In the middle of the night—after hours so long!—more like years, when Bee seemed to have sat there half her life, to have become used to it, to be uncertain about everything outside, but only that her mother lay there more ill than words could say—Mrs. Kingsward awoke. She opened her eyes without any change of position with the habit of a woman who has been long ill, without acknowledging her illness. It was Moulsey who saw a faint reflection of the faint light in the softly opening eyes, and detected that little change in the breathing which comes with returning consciousness. Bee, with her head leant back upon her chair and her eyes closed, was dozing again.

“You must take your cordial, ma’am, now you’re awake. You’ve had such a nice sleep.”

“Have I? I thought I was with the children and singing to baby. Who’s this that has my hand—Bee?”

“Mamma,” cried the girl, with a little start, and then, “Oh! I have waked her, Moulsey, I have waked her!”

“Is this her little hand? Poor little Bee! No, you have not waked me, love; but why, why is the child here?”

“The doctor said she might stay—to send for him if you wanted anything—and—and to satisfy her.”

“To satisfy her, why so, why so? Am I so bad? Did he think I would die—in the night?”

“No, no, no,” said Moulsey, standing by her, patting her shoulder, as if she had been a fretful child. “What a thing to fancy! As if he’d have sent the child here for that!”

“No,” said the poor lady, “he wouldn’t have sent the child, would he—not the child—for that—to frighten her! But Bee must go to bed. I’m so much better. Go to bed. Moulsey; poor Moulsey, never tires, she’s so good. But you must go to bed.”

“Oh, mother, let me stay. When you sleep, I sleep too; and I’m so much happier here.”

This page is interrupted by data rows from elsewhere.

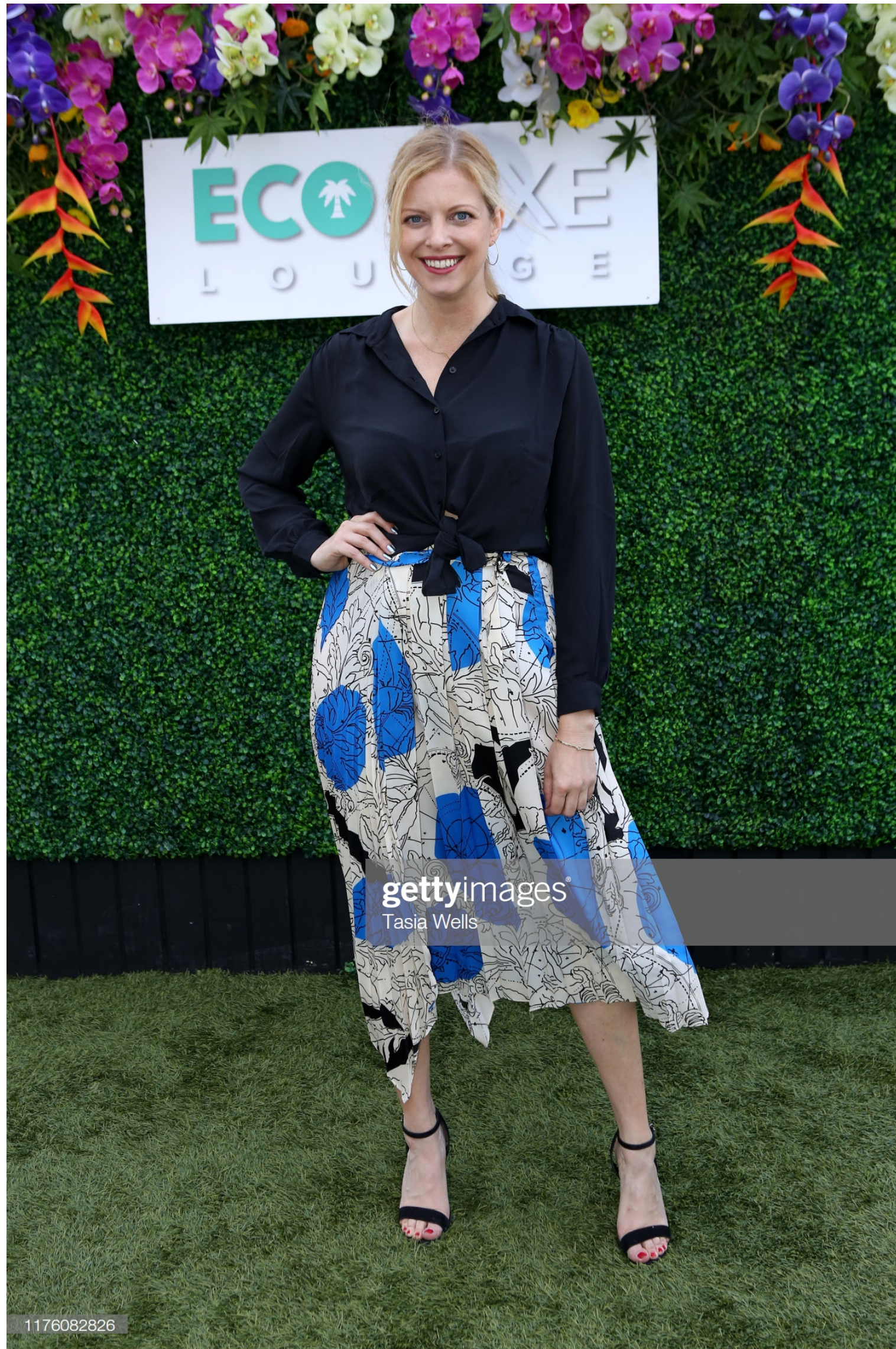
2019 EcoLuxe Lounge Emmy Gifting Suite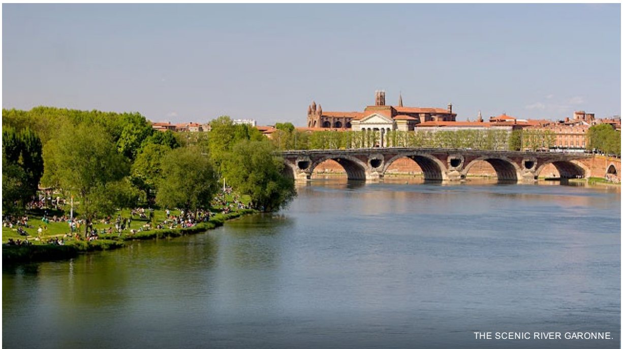
THE SCENIC RIVER GARONNE.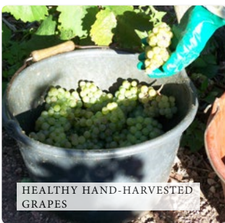
HEALTHY HAND-HARVESTED GRAPES

“Happier, are you? Well—but there was something wrong. Something had happened. What was it that happened? And your father away! It never does for anything to happen when—my husband is away. I’ve grown so silly. I never know what to do. What was it that happened, Bee?”

“There was—nothing,” said Bee, with a sudden chill of despair. She had forgotten everything but the dim bed-chamber, the faint light, the quick, quick breathing. And now there came a stab at her poor little heart. She scarcely knew what it was, but a cut like a knife going to the very centre of her being. Then there came the doctor’s words, as if they were written in light across the darkness of the room—“Ready, and steady.” She said in a stronger voice, “You have been dreaming. There was nothing, mamma.”

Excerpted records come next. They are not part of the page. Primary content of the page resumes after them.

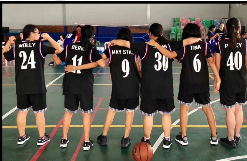
Our secondary girls, in an impressive basketball debut! (excuse the photobomber)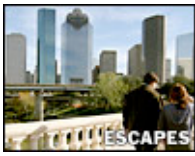
36 Hours in Houston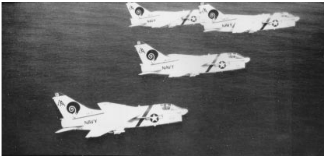
A formation of squadron A-7E Corsair IIs in flight during their deployment to the Med aboard Forrestal (CV 59) in 1974.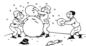
Youth Winter Retreat

Not only will we have a weekend full of fun, but we will continue to experience God with each other. Worship will be led by an All-Star Waynesville praise Band. We have a plethora of wonderful speakers. I really hope that all of you would like to be a part of this—it will be a great weekend.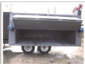
Easily cleaned when tipped.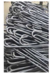
J Type Foundation Bolt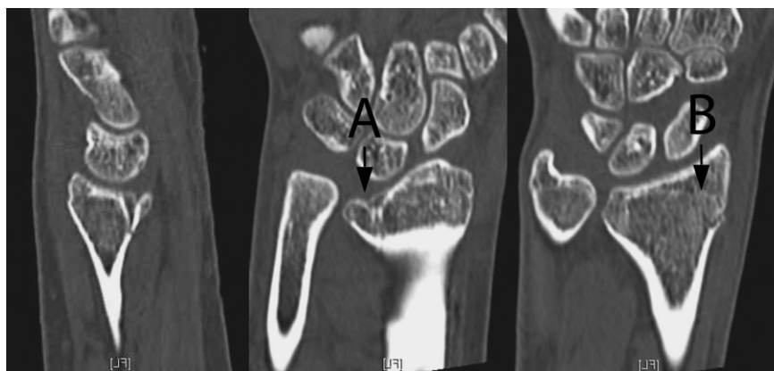
Figure 2 Computerised tomographic imaging of the wrist showing the two abnormalities. A. Madelung's deformity. B. Radial styloid fracture.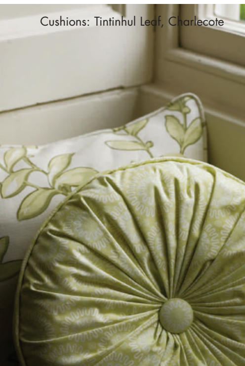
Cushions: Tintinhul Leaf, Charlecote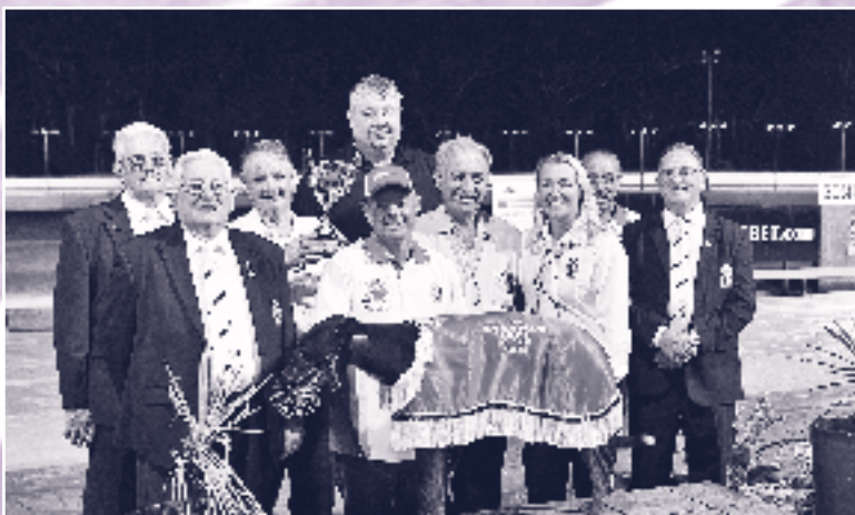
Woy Woy Poultry Supplies Gosford Gold Cup. Winner: Awesome Project.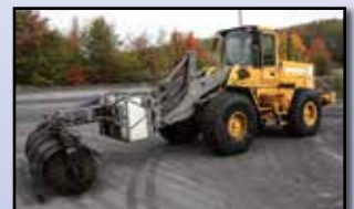
'05 HOLMS 10' BROOM (LOADER SEPARATE)

SWEEPSTER Model B626M8, 8' Dumping Broom , s/n 0431006. In good condition.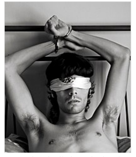
A man handcuffed to a bed and blindfolded

B/D (bondage and discipline) is a part of BDSM. Bondage includes the restraint of the body or mind. D/s means "Dominant and submissive". A Dominant is one who takes control of a person who wishes to surrender control and a submissive is one who surrenders control to a person who wishes to take control. [63] S/M (sadism and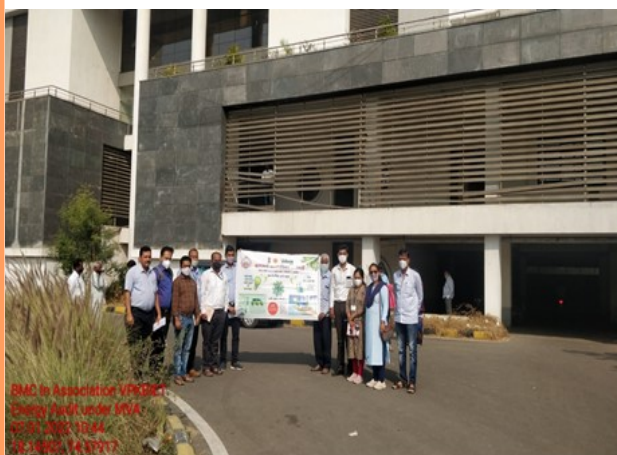
BMC in Association VPKBIET Energy Audit under MoU 16.03.2022 14:22 18.58.17 75.00%

Department of Electrical Engineering completed the Energy Audit as a part of MoU between VPKBIET, Baramati and Nagar Parishad, Baramati. All faculty of the Department and a few students of Electrical Engineering Department participated in carrying out the energy audit of several Municipal Buildings in Baramati on 7 January 2022. They also completed the Energy Audit of Karjat Nagar Panchayat on 16 March 2022. The efforts of faculty and students were appreciated by Nagar Parishad, Baramati.

Mrs. Kingsward, who had raised herself on her elbow, sank back again on her pillow.

“Yes,” she said, “I must have been dreaming. I thought somebody came—and told us. Dreams are so strange. People say they’re things you’ve been—thinking of. But I was not thinking of that—the very last thing! Bee, it’s a pity—it’s a great pity—when a woman with so many children falls into this kind of silly, bad health.”

“Oh, mamma,” was all that poor Bee could say.

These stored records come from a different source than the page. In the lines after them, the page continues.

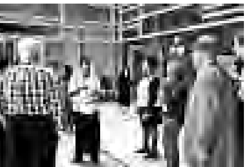
A Caltrans employee and Transportation employees begin the tour.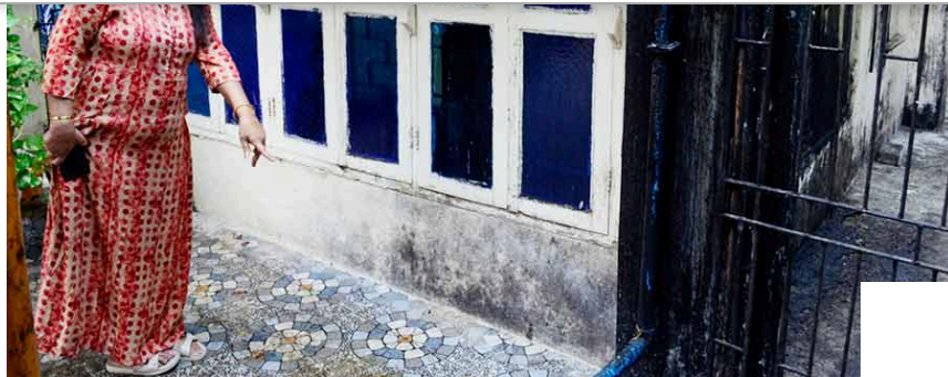
The two-year-old problem has an unknown source and no solution at hand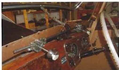
The wiper arrangement with driving links (wheel boxes) and the push and draw cable.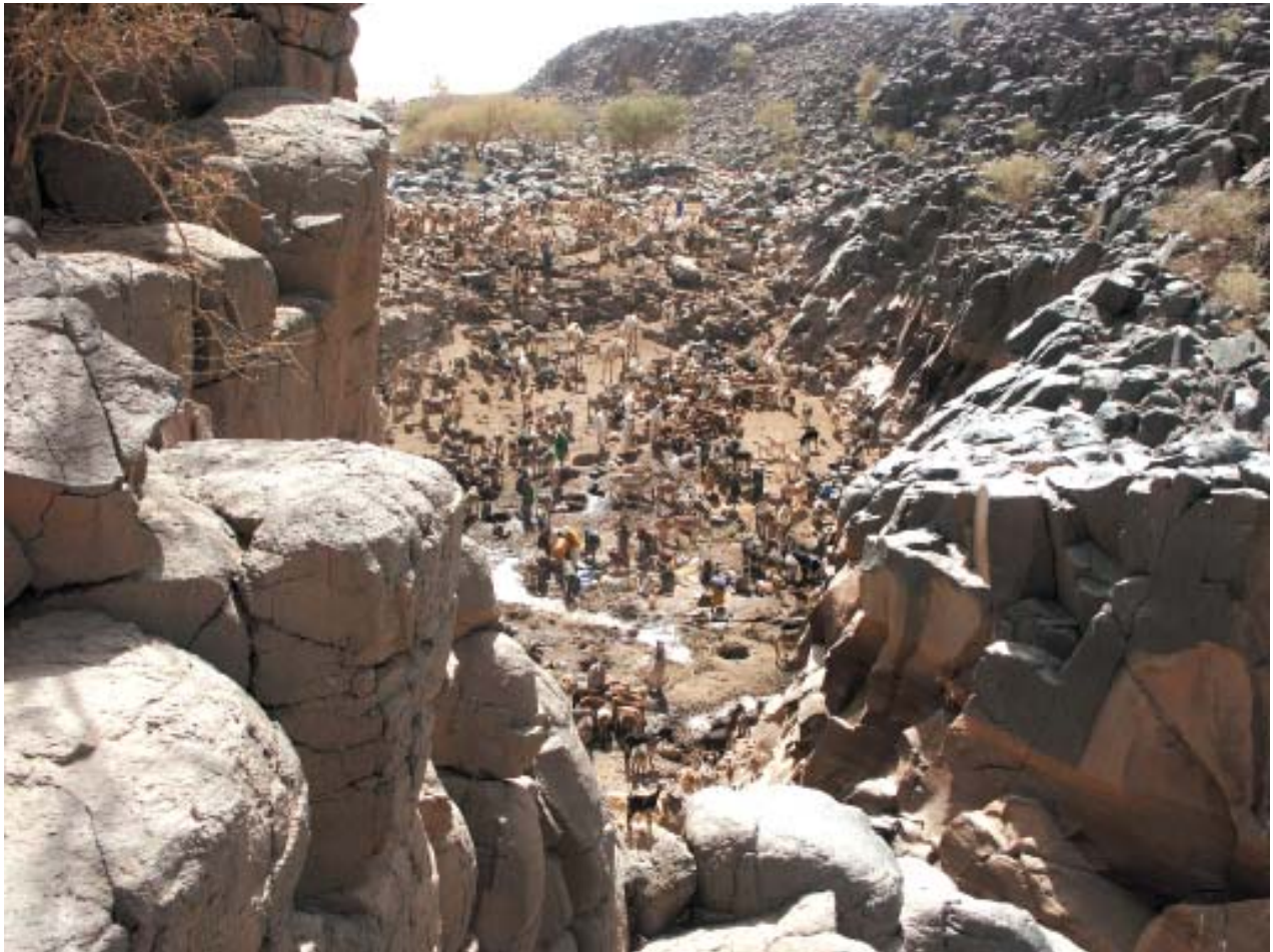
One of the biggest catastrophes in Africa in the 1970s, a drought turned the best cropland in five countries into cracked and barren earth. In fact, the term environmental refugees came into popular vocabulary after this. Many had to flee their homelands as agriculture was no longer possible.

agendas on the basis of vague scientific evidence and time frames. In that sense the discovery of the ozone hole over the Antarctic in the mid-1980s revealed the opportunity as well as dangers inherent in tackling global environmental problems.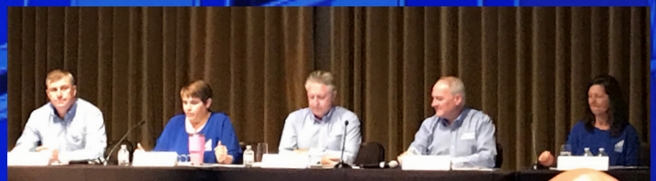
NATIONAL CONFERENCE: 2019 CFMA NATIONAL CONFERENCE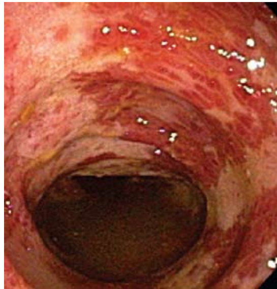
FIGURE 3. Severely active ischemic colitis with extensive ulceration and submucosal hemorrhage distributed segmentally in the distal transverse colon and descending colon.

Drugs should always be considered as possible culprits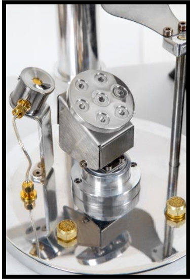
Rotary planetary sample stage

“Oh—let me alone, Moulsey—I want to talk a little. I’ve had such a good sleep, you said; sometimes—I want to talk, and Moulsey won’t let me—nor your father, and I have it all here,” she said, putting her hand to her heart, “or here,” laying it over her eyebrows, “and I never get it out. Let me talk, Moulsey—let me talk.”

Bee, leaning forward, and Moulsey standing over her by the bedside, there was a pause. Their eyes, accustomed to the faint light, saw her eyes shining from the pillow, and the flush of her cheeks against the whiteness of the bed. Then, after a while, there came a little faint laugh, and, “What was I saying?” Mrs. Kingsward asked. “You look so big, Moulsey, like the shadows I used to throw on the wall to please the children. You always liked the rabbit best, Bee. Look!” She put up her hands as if to make that familiar play upon the wall. “But Moulsey,” she added, “is so big. She shuts out all the light, and what is Bee doing here at this hour of the night? Moulsey, send Miss Bee to bed.”

“Oh, mother, let me stay. You were going to tell me something.”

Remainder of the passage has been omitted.